Liquid or solid, but by all means NOW!
This has been going on for a few days now…Towards the end of the day, nursing the bollo becomes almost more stressing than speaking in public. Why, you ask. Well… It so happens that Don Joaquin recently has decided that he no longer has the patience to suck for longer than 3 seconds to get a gush of milk, no sir.
So the feeding begins, milk starts flowing as he vigorously sucks. The first let–down kicks in. Joaquin gets “the gusher”. He enjoys it. He relishes it. Then suddenly it stops. He makes a huh! noise. Sucks a couple of times while he nervously looks around. If he’s in a good mood, he pulls off the breast and smiles at me like mommy, this one’s done. If he’s in a bad mood, he bites the nipple, makes a face like dammit! empty AGAIN!, waits a couple of seconds… no milk dripping to his jeta… pulls off the breast hysterical, yelling and kicking like a verdulera. I gently tell him to suck more and put him on the breast again. The hysterical act replays although my boobs are hugely full of milk. I tell him to suck. He yells. I want to yell back SUCK MAN, SUCK!, but I don’t. Instead, I massage my breasts frantically, switch breasts, squeeze nipples… I sweat, I tremble… for Don Joaquin will kick my butt if these worthless boobs don’t give him what he wants NOW.
Days have gone by, and what started as drama on the last feeding has quickly escalated to the afternoon feedings, and today even to a morning feeding.
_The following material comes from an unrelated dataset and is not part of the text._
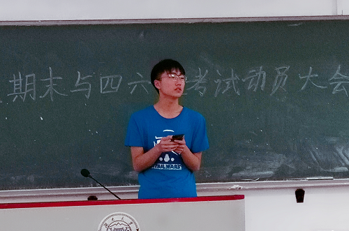 会上,班长进行主持,他先对大家做了考前提醒,指出在四六级考试中,同学们需要记得带好的必要东西,如准考证,身份证,2b涂卡铅笔与碳素墨水笔等。除此之外,他还提醒同学们要提前二十分钟入场,抓紧时间写完作文以便留出五到十分钟来查阅听力部分的题,做听力部分的题时,要边做边涂卡以免考完收卷时出现没时间涂卡的情况。提及期末考试的注意事项时,他着重强调了需要带黑笔和校园卡,并准时参加考试。同学们听讲十分专注,并且做了记录。然后委派班级里的几名同学下发了四六级准考证和四级成绩单。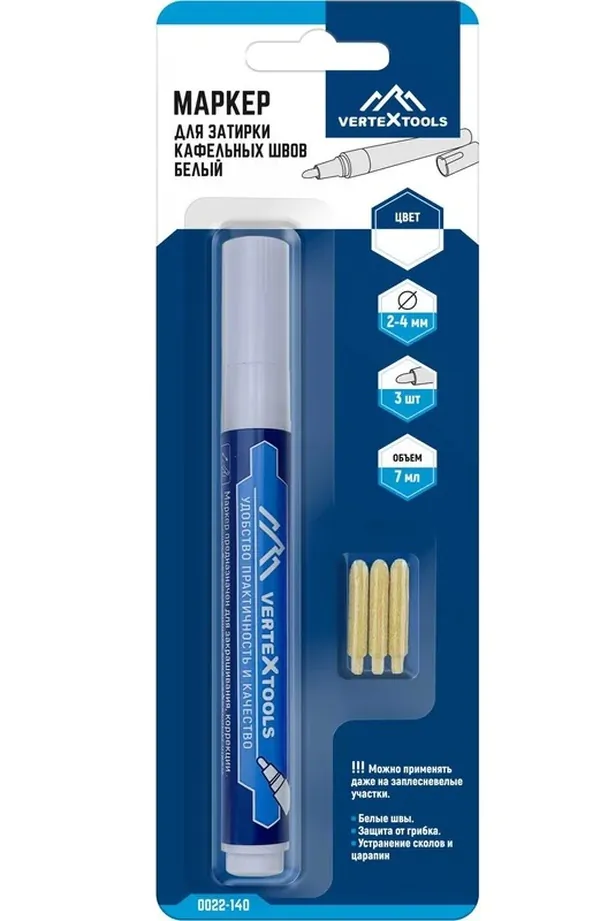 - • маркер Vertextools для затирки кафельных швов белый 0022-140;

Last night during his last feeding, it started happening. Last night, after so much stress (and not a great night sleep), I finally lost my patience, and in one of Joaquin’s tantrums, I lifted my head to the ceiling and said loudly SUCK!, and of course baby immediately gave me the pout and started crying and screaming because he doesn’t like it when people are rude and speak loudly to him. I HURT my baby’s feelings and I wanted to kill myself for it. He cried, and I cried, and asked him to forgive me, and made him smile, and tried to put him back on the breast. But he was traumatized. Every time he got close to the breast of the agravio, he’d start crying like I had just yelled to him. So I cursed my breasts and prepared him a bottle of previously frozen breast milk. Gave him 3oz. He spit up one. I pumped and got two, which made me wonder… Is something wrong with me or is it that he’s just too impatient (and maybe a little greedy)?
I googled the issue. Got back some answers. Turns out this is perfectly normal. As some babies get older, they don’t have the patience to suck for a second or third let–down. They get upset and pull off, and some times, they even go on a nursing strike. Moms feels like crap. We do. The issue becomes a catch 22 as the stress of the hysterical baby makes mom so upset, she can’t relax and let–down the milk.
So this morning it happened again. Joaquin was in a good mood, so he simply pulled off uninterested. I was not going to let this get to me again like last night, so I decided to pull my emergency activity, i.e. feed the baby solids. Baby doesn’t want to take a nap? Feed him solids… Baby’s fussy? Feed him solids!… Baby’s pissed that he’s not getting the gusher? By all means, feed him solids.
Although this is only his third day on solids, Joaquin took two servings of the mush I prepared for him, and he probably could have even gone for a little ñapa. What cracks me up though, is that towards the end of the first mush, he started getting cranky at me. Unlike the first tries, he suddenly started opening his mouth wide enough to take the whole spoon, and increasingly began to grab and pull my hand towards him. Suddenly I realized: HE WANTS THE GUSHER. He has this thing down now, and now he wants this mush to flow fast, just like the milk my boobs refuse to give him in one long steady stream.
Don Joaquin is a little impatient… But thank God, he seems to be a great eater.